# i got an tyco brown box brand car



## modeltrainhead (Nov 15, 2009)

i got an tyco brown box brand car and i know they dont make trains anymore but i want to know what it is worth here is a website adress it is the new haven one
http://tycotrain.tripod.com/freightcars/id31.html


----------



## tjcruiser (Jan 10, 2010)

Hey, how about that ... I didn't know there was a website with compiled Tyco train info. Thanks for the link!

My first HO set was Tyco, back around 1970. Ran it as a kid, and just recently have built a 4x8 layout with my sons. And we're still running the Tyco Santa Fe diesel, cars, etc.

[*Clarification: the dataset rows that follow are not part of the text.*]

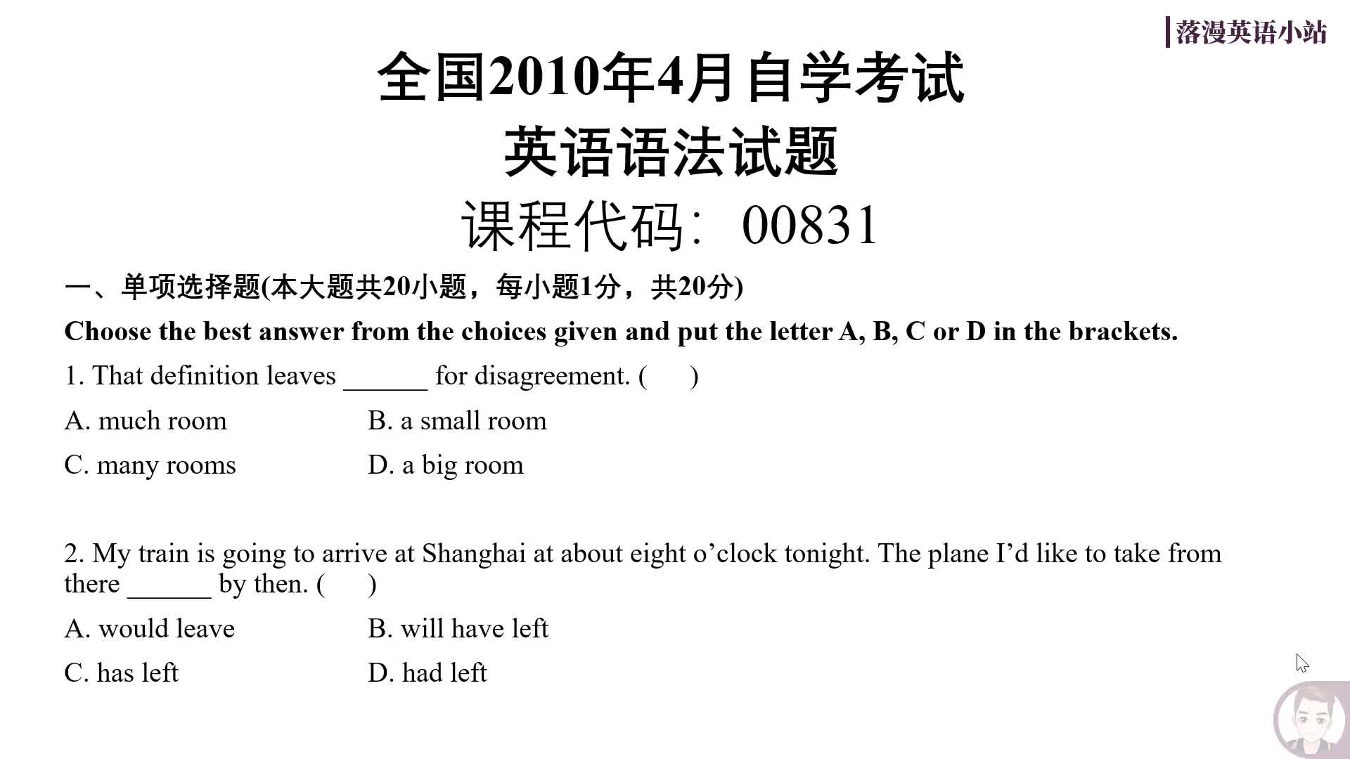 一套老语法试题。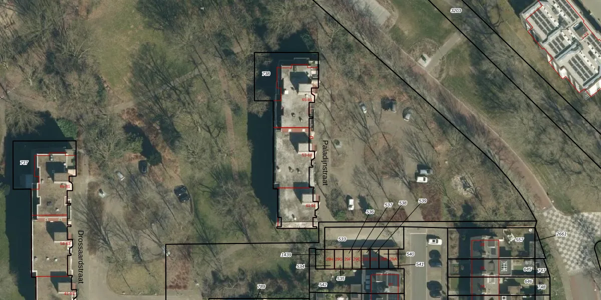 Paladijnstraat 57-A is gelegen op kadastraal perceel GDP00E738. Deze kadastrale aanduiding is uniek en wordt gebruikt door het Kadaster om eigendomsrechten en andere zakelijke rechten vast te leggen. Het perceel maakt onderdeel uit van de kadastrale gemeente Geldrop.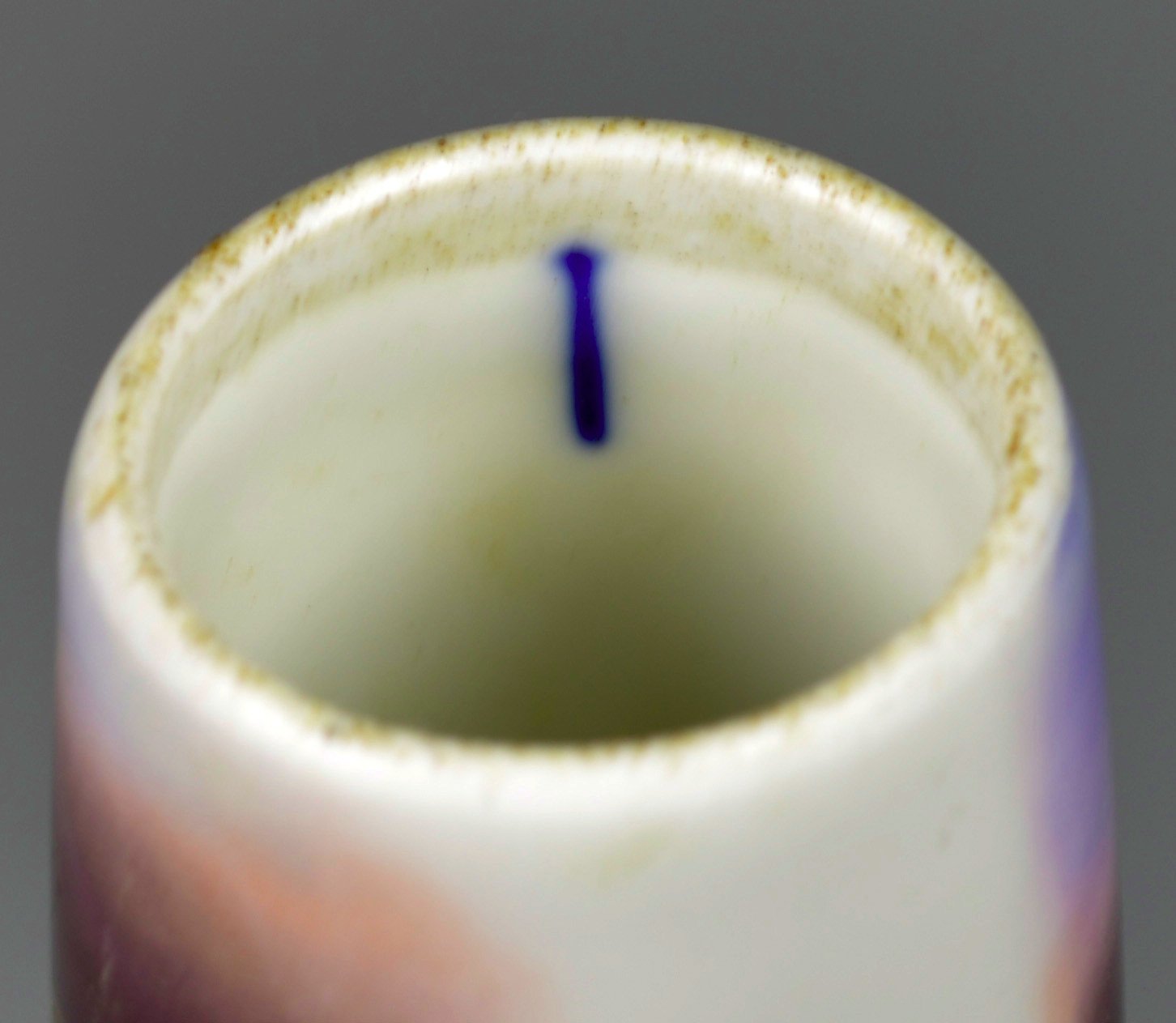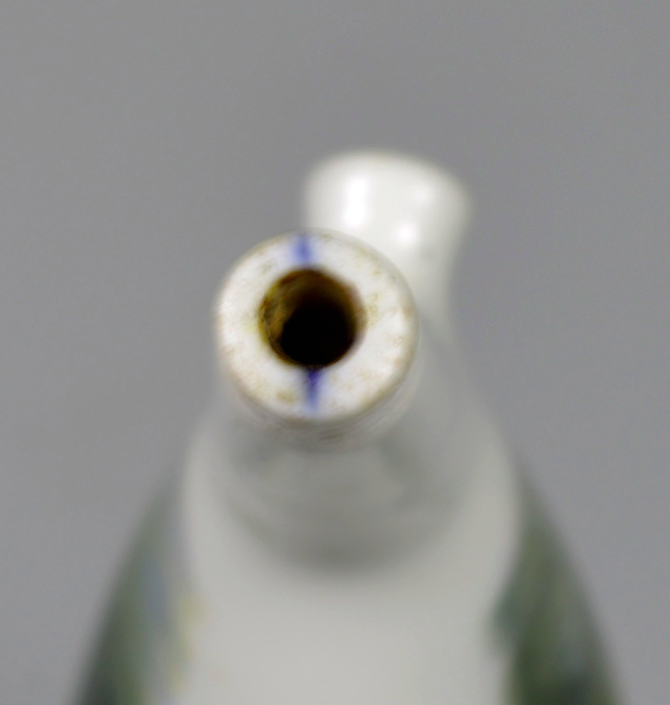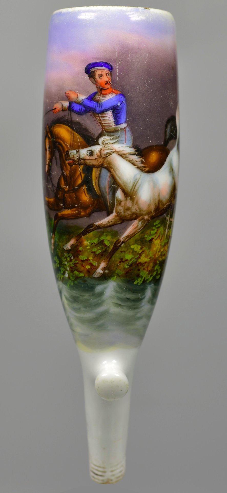 Pfeifenstummel aus Porzellan, Berliner Form, auf der Schauseite mit bunten Muffelfarben  Darstellung eines Soldaten zu Pferd im Galopp mit einem Schimmel; im Kessel unterglasurblauer Strich, am Stielboden unterglasurblauer Querstrich, seitlich am Stiel Presszahl 8; H = 12,7 cm (b=99; c=36,5 mm)

I can't offer any tips on your freight car, but check out ebay for similar hits?

TJ


----------



## shaygetz (Sep 23, 2007)

The value in Tycos comes from their special billboard and brand models, like the others pictured...the super hero ones go for insane prices.


----------



## modeltrainhead (Nov 15, 2009)

is mine super hero one like


----------



## shaygetz (Sep 23, 2007)

modeltrainhead said:


> is mine super hero one like


They would look like these...

http://tycotrain.tripod.com/freightcars/id34.html


----------



## modeltrainhead (Nov 15, 2009)

oh ok i like mine though i really think $1 was a good buy for it


----------